Planning for hurricanes and other disasters with robocars
Submitted by brad on Wed, 2017-09-06 11:42How will robocars fare in a disaster, like Harvey in Houston, Irma, or the tsunamis in Japan or Indonesia, or a big Earthquake, or a fire, or 9/11, or a war?
These are very complex questions, and certainly most teams developing cars have not spent a lot of time on solutions to them at present. Indeed, I expect that these will not be solved issues until after the first significant pilot projects are deployed, because as long as robocars are a small fraction of the car population, they will not have that much effect on how things go. Some people who have given up car ownership for robocars -- not that many in the early days -- will possibly find themselves hunting for transportation the way other people who don't own cars do today.
It's a different story when, perhaps a decade from now, we get significant numbers of people who don't own cars and rely on robocar transportation. That means people who don't have any cars, not the larger number of people who have dropped from 2 cars to 1 thanks to robocar services.
I addressed a few of these questions before regarding Tsunamis and Earthquakes.
A few key questions should be addressed:
- How will the car fleets deal with massively increased demand during evacuations and flight during an emergency?
- How will the cars deal with shutdown and overload of the mobile data networks, if it happens?
- How will cars deal with things like floods, storms, earthquakes and more which block roads or make travel unsafe on certain roads?

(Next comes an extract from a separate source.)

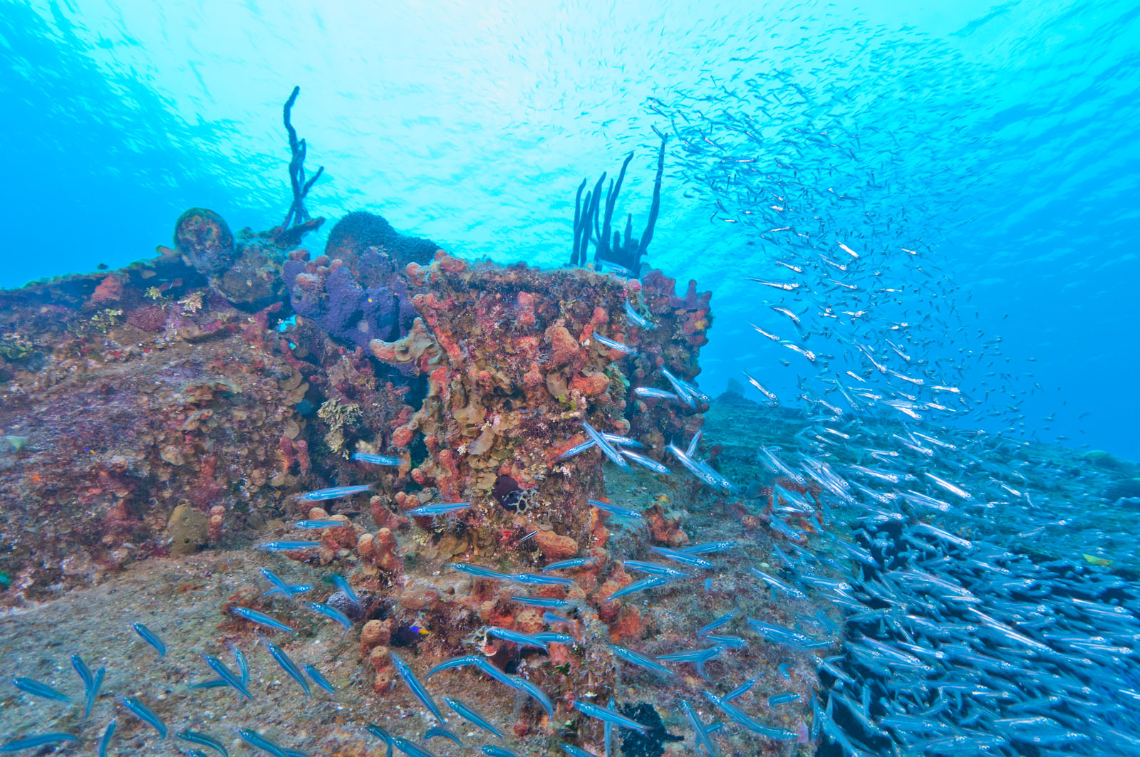 Atlantic silversides, Menidia menidia, on the wreck of the Oro Verde, a 184 foot long liberty ship that was scuttled off the west coast of Grand Cayman on May 31, 1980.

Most of these issues revolve around fleets. Privately owned robocars will tend to have steering wheels and be usable as regular cars, and so only improve the situation. If they encounter unsafe roads, they will ask their passengers for guidance, or full driving. (However, in a few decades, their passengers may no longer be very capable at driving but the car will handle the hard parts and leave them just to provide video-game style directions.)
Increased demand
An immediately positive thing is the potential ability for private robocars to, once they have taken their owners to safety, drive back into the evacuation zone as temporary fleet cars, and fetch other people, starting with those selected by the car's owner, but also members of the public needing assistance. This should dramatically increase the ability of the car fleet to get people moved.
Nonetheless, it is often noted that in a robocar taxi world, there don't need to be nearly as many cars in a city as we have today. With ideal efficiency, there would be exactly enough seats to handle the annual peak, but few more. We might drop to just 1/4 of the cars, and we might also have many of them be only 1 or 2 seater cars. There will be far fewer SUVs, pickup trucks, minivans and other large cars, because we don't really need nearly as many as we have today.